Il poeta analizza la primavera del loro corteggiamento a partire dall'inverno della morte di lei, innestando l'intenso sentimentalismo della poesia Vittoriana allo stile più cinico e turbinoso del nuovo secolo. Allusive eppure dirette, liriche eppure asettiche, eleganti eppure chiare, le poesie stanno a cavallo tra la fine di un'era e l'inizio di un'altra.
Hardy ritratto da Reginald G Eves |
Si tratta di una delle liriche brevi migliori di Hardy e la trama presta fede al suo titolo: "Presso la pietra Druida, / Che incombe in giardino, pallida e solitaria", comincia il poeta, mentre improvvisamente pochi alberi, piegati dal vento "con regolare cadenza", formano una sequenza di "cangianti ombre", le quali, si immagina, sono disegnate sul granito da una qualche forma ultraterrena di quella che in vita era stata Emma.
Hardy è tutt'altro che superficiale nelle sue scelte linguistiche. Bisogna dunque soffermarsi sul messaggio incluso nella "roccia Druida". Pietre di origini druide possono in alcuni casi essere tenute nel palmo di una mano, altre volte costituiscono delle complesse ed enormi strutture; sebbene queste siano di formazione naturale, si pensa che molte siano il risultato di costruzioni da parte dei Druidi, abitanti della Gran Bretagna celtica. Il profilo naturale britannico è molto cambiato nei secoli, ma ancora ospita molte testimonianze di tali 'misteri rocciosi' - il più famoso, Stonehenge.
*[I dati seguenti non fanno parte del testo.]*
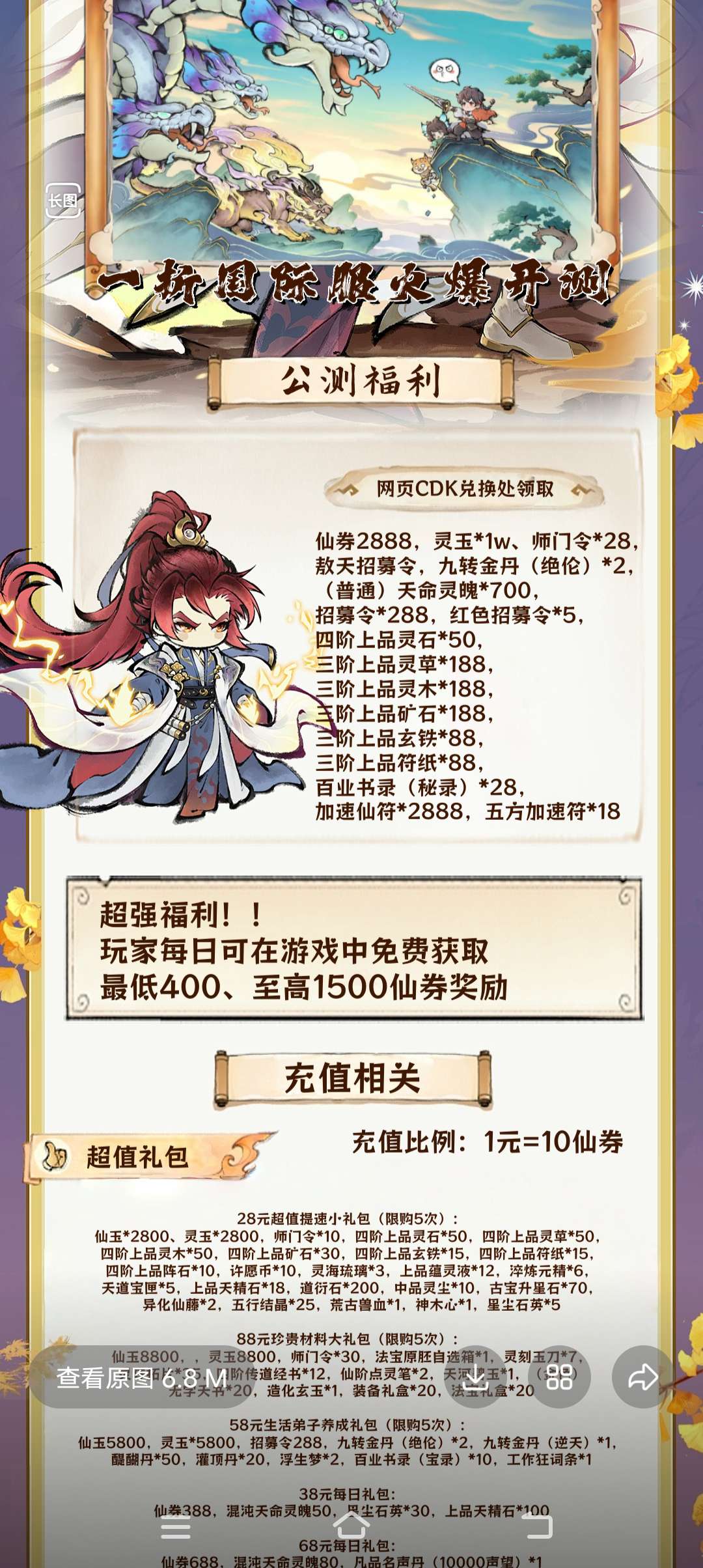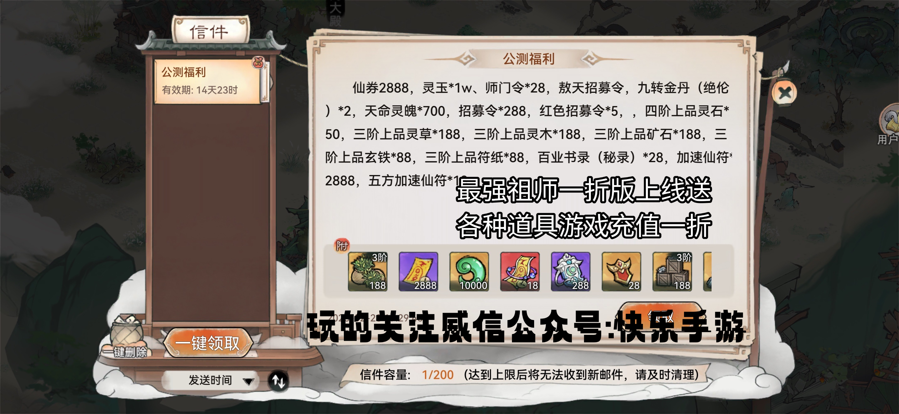 最强祖师!内置充值1折进游送截图福利,每天可免费领随机400到1500仙卷,不懂勿扰谢谢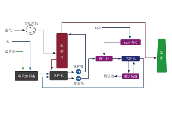 煙氣經增壓風機進入吸收塔,與來自循環泵送入的吸收液接觸并被除去SO2。被洗滌后的煙氣經塔內除霧器除霧后進入煙肉外排,出吸收塔的吸收液返回循環池循環使用。當循環池內吸收液的PH值降低至設定值時,排液泵自動啟動。將需再牛的吸收液泵入再生池進行再生(使用石灰漿液再生),然后進入沉淀池進行沉淀,沉淀池的上清液返回循環池。沉淀池的沉渣( 硫酸鈣及亞硫酸鈣)進入脫水裝置,脫水裝置形成的(濕)固態物即為脫硫渣,定期外排脫水裝置脫出的水返回沉淀池。運行過程中,應定期向循環池中加入新鮮的吸收液,以補充吸收液中所含的鈉堿量。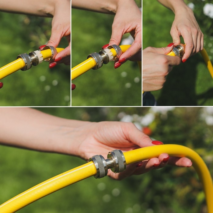 Если поливочный шланг вдруг порвался, потрескался и теперь сочится водой в самых неожиданных местах, не торопитесь покупать новый. Возьмите ремонтную муфту, аккуратно вырежете поврежденный кусок и вставьте два конца шланга в крепления. Теперь можете вновь приступать к поливочным работам.

Sito neolitico di Stonehenge (Wiltshire) |
Tra l'altro, molti ritengono che le pietre Druide posseggano poteri magici, il che rende lecito che tale pietra porti alla mente il soprannaturale, o almeno la sospensione del dubbio.
C'è inoltre da notare quanto stranamente Hardy descriva sua moglie: Le ombre "con la sua forma" / "Il fantasma di un capo e di due spalle conosciute intenti al giardinaggio". Descrivere la propria moglie ormai defunta con l'aggettivo "conosciuta" è un'evidente minimizzazione; non si tratta solo di una descrizione piattamente astratta, ma di una che limita persino il suo ricordo alla vaghezza di un'ombra. Una ragione per cui descrivere Emma in tale maniera sarebbe per limitare, almeno in parte, il divario tra ciò che è reale di lei e ciò che invece viene ora immaginato. Non si tratta, dopotutto, di un'illusione elaborata. Infatti, è soltanto quando un'effimera folata di vento sposta i rami di un albero, che quest'ombra appare, il che significa che tale forma è destinata a scomparire al calmarsi del vento. Passando dal fardello della realtà al discorso poetico, Hardy afferma ad alta voce - quasi come stesse parlando ad Emma - "'Sono sicuro che sei ora dietro di me, / Eppure in che modo puoi camminare di nuovo su questo vecchio vialetto?' / E non vi fu alcun rumore se non un cadere di foglie / Come una triste risposta.'" La poesia di Hardy inizia così a trattare meno di un'illusione e più dello sconforto che la segue.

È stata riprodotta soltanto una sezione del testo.